War is showing signs of spreading to Turkey, or so the MSM tells me. Military budgets throughout the world, after a long downward trend, are up.
The popular Redstate blog
just banned Ron Paul participants. Almost amusingly, they did it based on the idea that their site is private property. Where news commentary becomes private property, I'll admit, is a grey area, but I note that sites like slashdot.org tolerate a great deal of controversy and have implemented a comment moderation system that is both effective in eliminating trolls and democratic – a technological solution to a real problem.
As if the current crop of politicians and news sites on either side had any understanding of science or technology, or any interest in allowing alternate viewpoints. Hey, redstate! The
code to slashdot is free and open source, you can just use it – I know, to you, that that might sound a bit socialist – but implement it or something like it! Don't shut your readers and writers down!

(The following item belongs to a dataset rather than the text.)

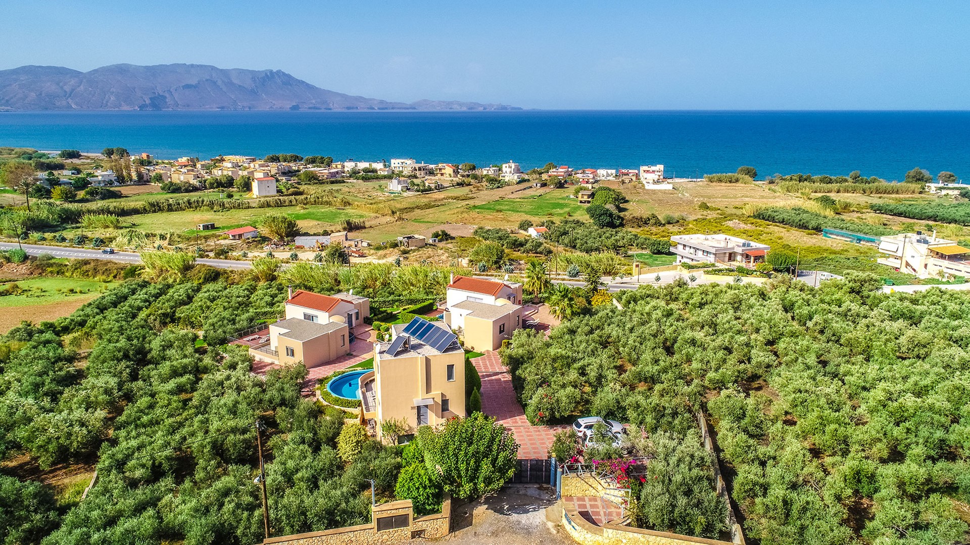 The capital Chania City is connected with all major cities of Crete by the national road, the nearest harbor is Souda (5 km) and the nearest airport is Chania Daskalogiannis Airport with code name CHQ (10 km). Heraklion International airport with the code name HER is also convenient (140km).

I can't vote for Hillary Clinton, primarily because I'm strongly opposed to a hereditary aristocracy in America. I'd be against another Bush, Reagan, Carter, Nixon, Johnson, Kennedy, Eisenhower, or Roosevelt for the same reason.
So, after sitting on the fence for a while, hoping someone better would show up, wishing that McCain didn't resemble
Bernie, wishing that I could just drown my anger in drink or women or song... I just donated some money to Ron Paul.
I feel a little better about things, not much though.
Unlike some other paulites, I merely believe that he's pulling in the right direction, and that he (and I – and all citizens) deserve a voice in America. Also unlike some Paulites, I'd prefer that after losing in the primaries, that Paul sticks to what he's been saying - that he won't consider a 3rd party run - and go back to congress where he can continue speaking truth to power.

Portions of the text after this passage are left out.